Kazuyoshi Ishi (K-1), Naoto Morishita (Pride) and Antonio Inoki held a press conference this past Thursday. Each spoke and made official statements about upcoming events. 

First was the announcement of Bob Sapp facing Yoshihiro Takayama as the first main event on Inoki's 'Bom-ba-Ye 3' show. This has got to be considered a deathwish by Takayama (still recovering from his horrible eye-socket injury). 

The second announcement was the return of Kazuyuki Fujita. He will have the difficult task of facing Mirko 'Cro Cop' Filipovic in a rematch. Their first meeting resulted in Fujita desperately trying to get the takedown and getting hammered in the eye before anything really happened. Fujita lost their first meeting. A possible factor is that Mirko had a bad hernia recently, which has kept him out of training. 

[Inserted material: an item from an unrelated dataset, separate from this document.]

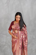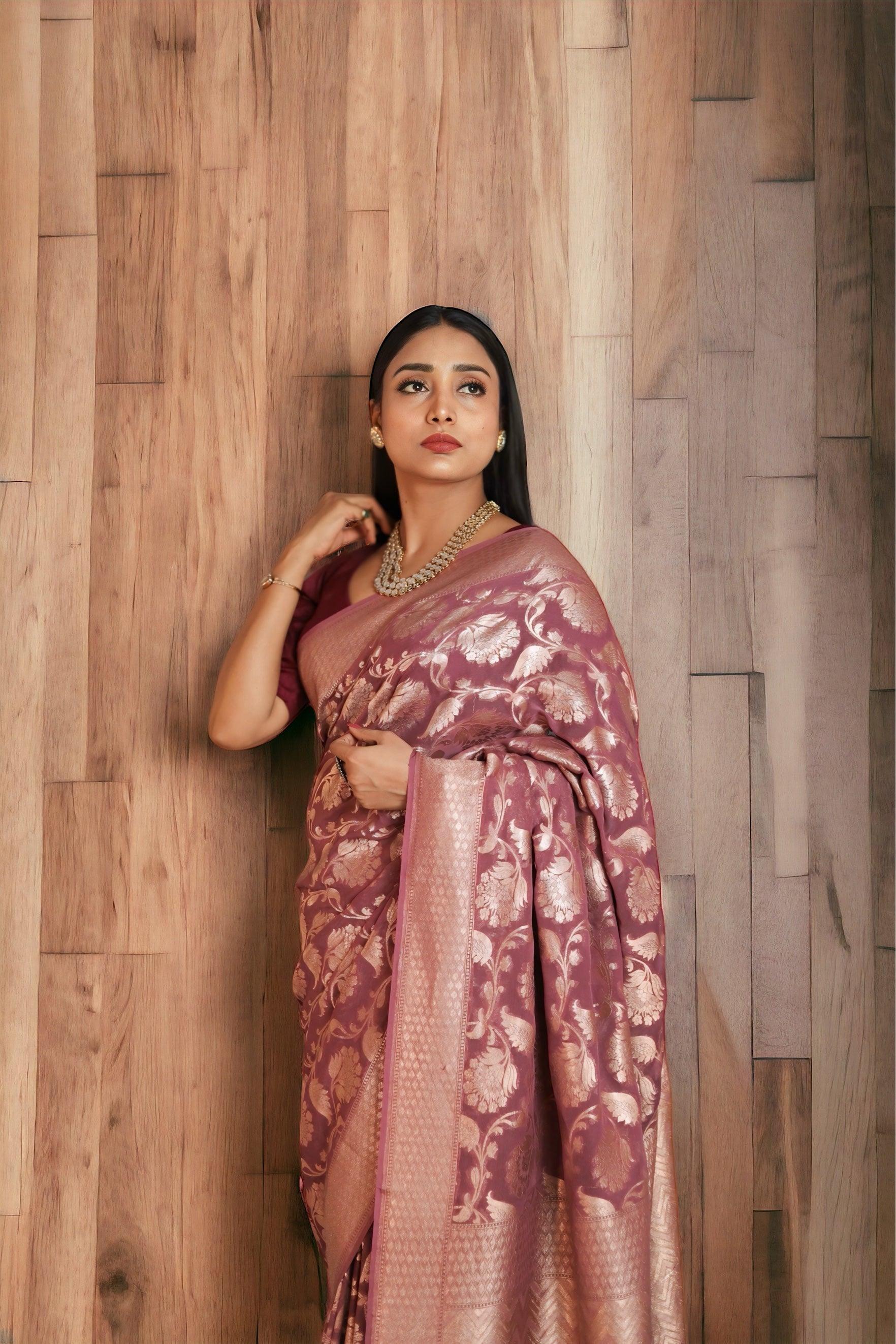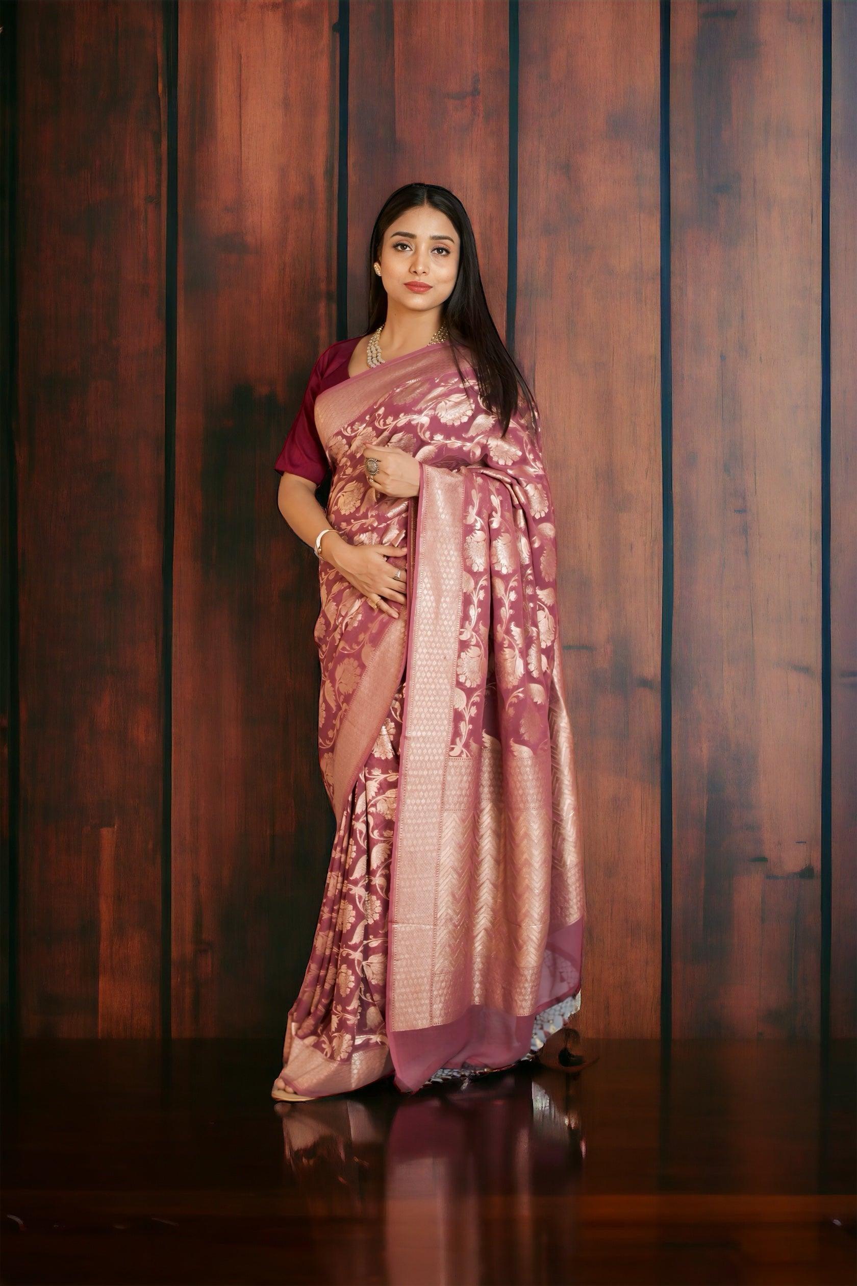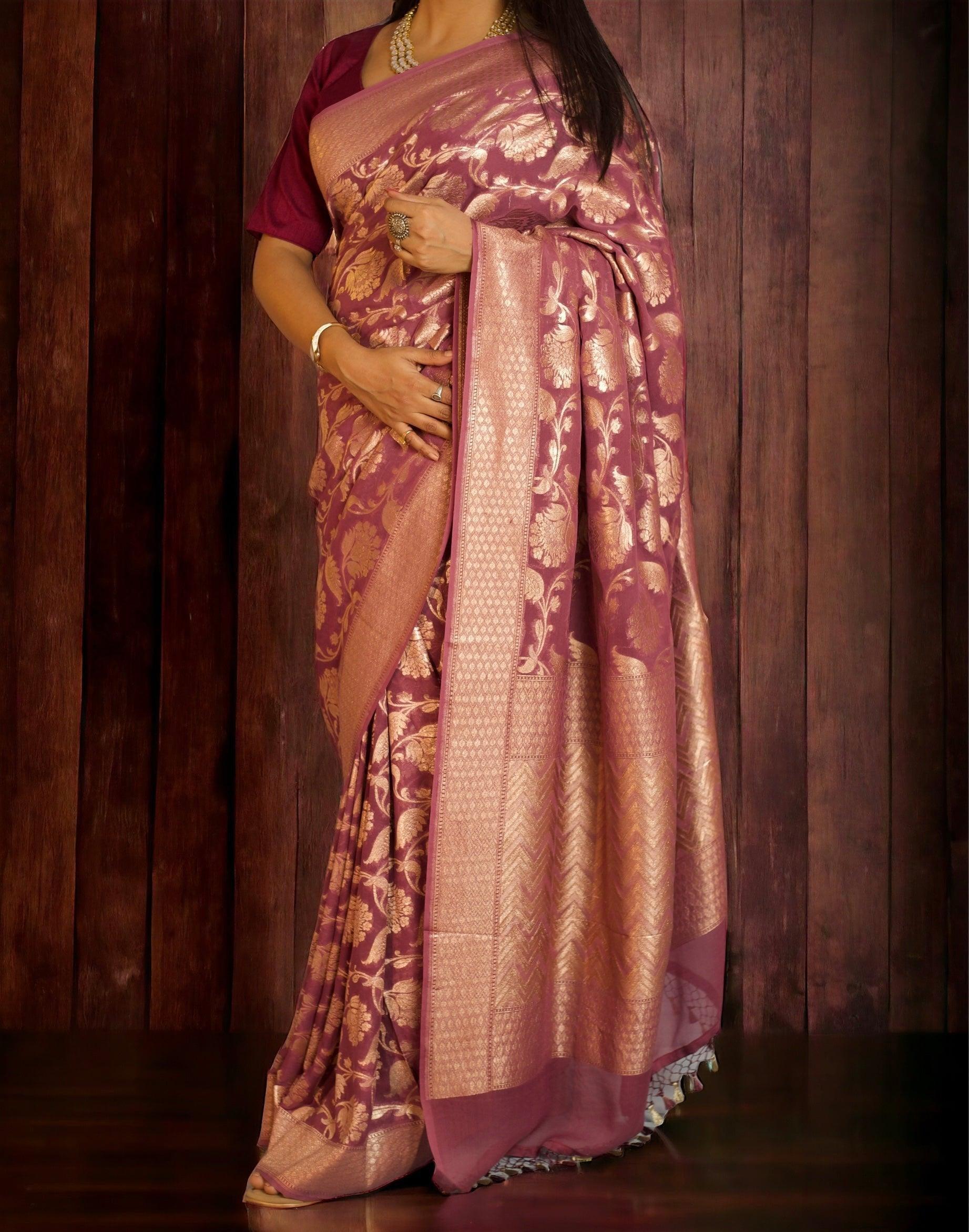 Wine Khaddi Georgette Banarasi Saree with copper Zari Jaal work

The Nogueira vs. Fedor fight was also announced and scheduled for PRIDE 24 on 12/23/02 to close out the year. Many feel that Fedor is the man to beat Nogueira after his win over Heath Herring (who is rumored to have received a fractured eye socket from the bout).


----------



## ace (Dec 3, 2002)

Japan is Awsome & Antonio is a Great Promoter.
:ultracool


----------



## JDenz (Dec 4, 2002)

Ya I still think he could do a little better with staying out of the American telecasts.  90 percent of Americans have no clue who he is.


----------